I drove for an hour, getting totally lost, to source a bell jar to display Mollie's skull in. The girl sat in the back chatting endlessly, as per usual, until I yelled "OK, you need to stop talking now because we are lost and I need to concentrate on where we are going". She sat, sullenly but quietly, until we reached out destination.Bell jar purchased, we headed off to a teddy bears picnic. Now, I had set the alarm to go early, so I could get organised for our big day. My husband had other ideas. So with only 45 minutes to get ready, a few things got overlooked. The day had a space theme, so girl had decided to go as Batman - yeah, I don't get it either. But anyway, she put her costume on and was happy. The things that got overlooked were money and food. Driving back from the-middle-of-nowhere-bell-jar-hunting we ran out of petrol - at a petrol station!! How good is that? Anyway, three of my brain cells were functioning enough to prompt me to buy drinks when I paid for the petrol. We got to the peninsula where the picnic was, queued up for 20 minutes to get into the car park and then nabbed a spot right out front. Also good!! It was probably the last hot day of summer, it was dusty, and it was crowded. The peninsula was teeming with people and small children clutching teddy bears. Lots of aluminium foil and many coke bottles had been used to make space outfits for teddies (except ours, which was a nudist space teddy) and one teddy had a clear, plastic teapot on its head (I was impressed). The girl found a market stall selling masks and demanded a pink mask with pink fluff on it. She did the pleeeeeeeeese thing and I pointed out the mask cost $5 and I had $6.40 so nothing else after the mask. She enthusiastically agreed. The teddy put the mask on, we checked out the Daleks,
then queued in the sun for half an hour so the girl could spend a few minutes on the jumping castle. Of course, after that she was hungry. I had nothing (potentially my nomination for mother of the year?) except $1.40 in change and all the food was $2 or more. I tried to talk her into going home, but she wouldn't be in it. We wandered about a bit more, she whinged about her hunger and we joined another queue so she could pat a sheep. The third queue, for face painting, was closed. Tears welling, tolerance levels reached, hunger overwhelming and tiredness setting in, the girl reluctantly agreed that we could go home. In the car the tears finally fell, she sat there mumbling about how crap it was, "all I got was a mask that won't stay on". I felt so sorry for her. It must be hard having me as a mum.

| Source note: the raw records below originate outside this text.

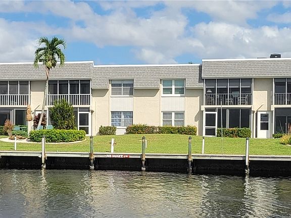 TURNKEY FURNISHED SAILBOAT ACCESS CONDO WITH STUNNING SUNSET VIEWS! This 2nd Floor unit is located just off of Beach Parkway. Tastefully & recently updated with NO BRIDGES Gulf Access and just minutes to the river. Experience the ultimate waterfront lifestyle-watch the dolphins play from the boat dockage right in your backyard! This fully furnished condo offers the perfect blend of comfort, convenience, & stunning views. Meticulously maintained and recently updated unit with new flooring throughout, fresh paint, crown molding- the open-concept living space is bathed in natural light, creating an airy and spacious feel. Living room, with sliders that showcase picturesque views of the water and vibrant sunsets. The updated kitchen features newer appliances, abundant cabinetry, and a well-appointed layout. It comes complete with all dishes, glassware, pots & pans, cookware and small appliances....a huge savings when outfitting a new kitchen! Recently re-plumbed, NEW A/C installed November, 2024, newer water heater, IMPACT WINDOWS throughout and electric shutters at the lanai, ensuring convenience, security, and protection against inclement weather. The primary bedroom offers water views & private bath. The community room has been updated & is complete with fully equipped kitchen, restrooms & workshop. Enjoy the best of both worlds...Walking distance to Jaycee Park which is undergoing an $18 million dollar enhancement with opening scheduled early 2026 and will include a bandshell, a bistro and a boardwalk along the river. Enjoy a quick morning walk or bike ride to experience a breathtaking sunrise on the river and complete your day relaxing on your Lanai or relax poolside to gather with friends and enjoy the stunningly beautiful sunsets. Located conveniently near shopping & dining with quick access to Fort Myers and the Beaches. Truly, the coastal lifestyle, with an abundance of Cape Corals best dining, shopping options and with beaches just a short drive away.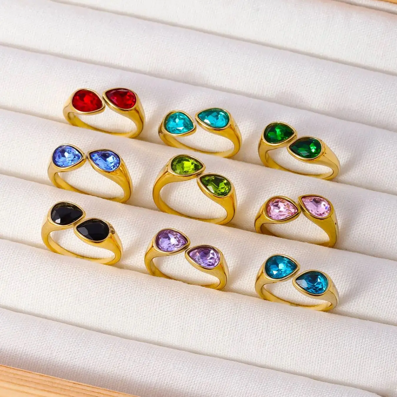 CARLIDANA Titanium Steel CZ Water Drop Ring – Women’s Gold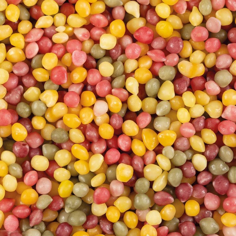 Pink, purple, orange, yellow and green pieces of fudge with tutti frutti flavour.

The next evening she showed me a dirty, old dog bone that she had found in the schoolyard. She had carefully wrapped it in the cling film from her cut apple. I was horrified "why are you collecting and bringing home dirty, yucky stuff like that?". My brother, who was staying with us, said "she's copying her mother". The girl put the dirty bone on the table next to Mollie's skull. I had to admit I had been trumped. It remains. My organisational skills are rubbish, my foresight is non-existent, but I am not a hypocrite.